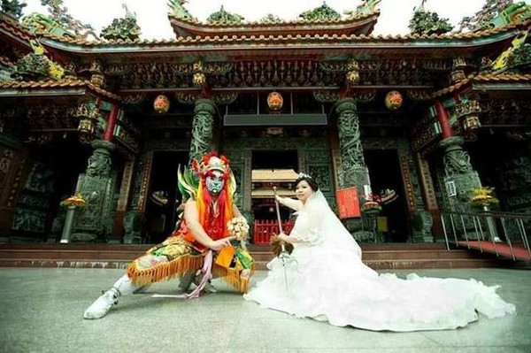打破以往婚紗照浪漫、溫柔的感覺,臉書社團「爆廢公社」裡的一名網友,和大家分享他的超特別婚紗照,有別於大家常常看見的婚紗禮服和一成不變的背景,這名網友和他的老婆選擇把廟當作背景,新郎畫上臉譜、穿著八家將的服裝,新娘則手拿
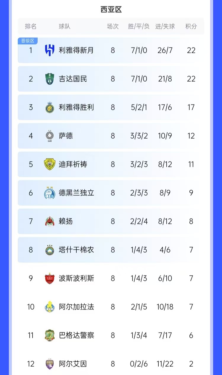 其中利雅得新月首回合0-1落敗但是次回合干脆利落4-0解決戰(zhàn)斗,利雅得勝利首回合0-0打平次回合同樣3-0輕松拿下,吉達(dá)國(guó)民則是兩回合直接雙殺對(duì)手晉級(jí)。此外這三隊(duì)也是聯(lián)賽階段西亞區(qū)的前三名,積分?jǐn)鄬宇I(lǐng)先。
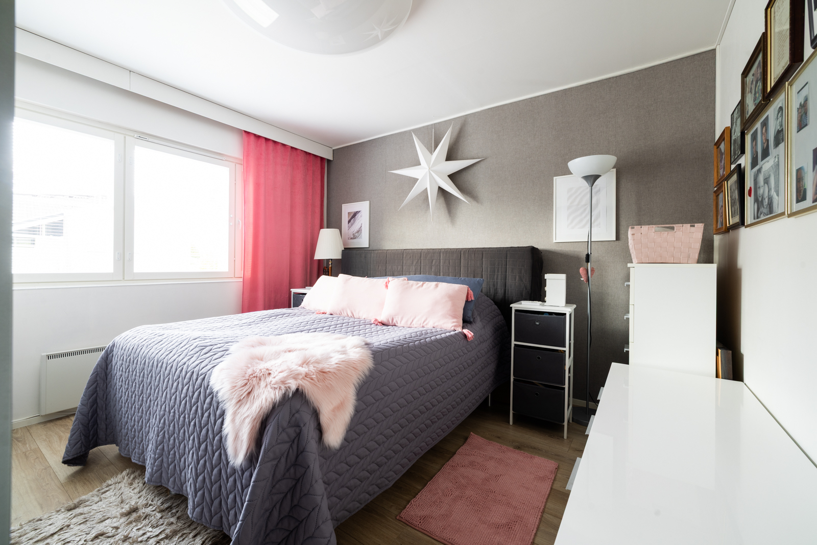 Lukumäärä: 1, seinät (tapetti ja maali), lattiat (laminaatti), Iso makuuhuone |

━━━━━━━━━━━━━━━━━━━━

## PROBLEM DETAILS
Without the pictures, give every line of the data again, exactly as written.

## FINAL ANSWER
打破以往婚紗照浪漫、溫柔的感覺,臉書社團「爆廢公社」裡的一名網友,和大家分享他的超特別婚紗照,有別於大家常常看見的婚紗禮服和一成不變的背景,這名網友和他的老婆選擇把廟當作背景,新郎畫上臉譜、穿著八家將的服裝,新娘則手拿
 其中利雅得新月首回合0-1落敗但是次回合干脆利落4-0解決戰(zhàn)斗,利雅得勝利首回合0-0打平次回合同樣3-0輕松拿下,吉達(dá)國(guó)民則是兩回合直接雙殺對(duì)手晉級(jí)。此外這三隊(duì)也是聯(lián)賽階段西亞區(qū)的前三名,積分?jǐn)鄬宇I(lǐng)先。
 Lukumäärä: 1, seinät (tapetti ja maali), lattiat (laminaatti), Iso makuuhuone |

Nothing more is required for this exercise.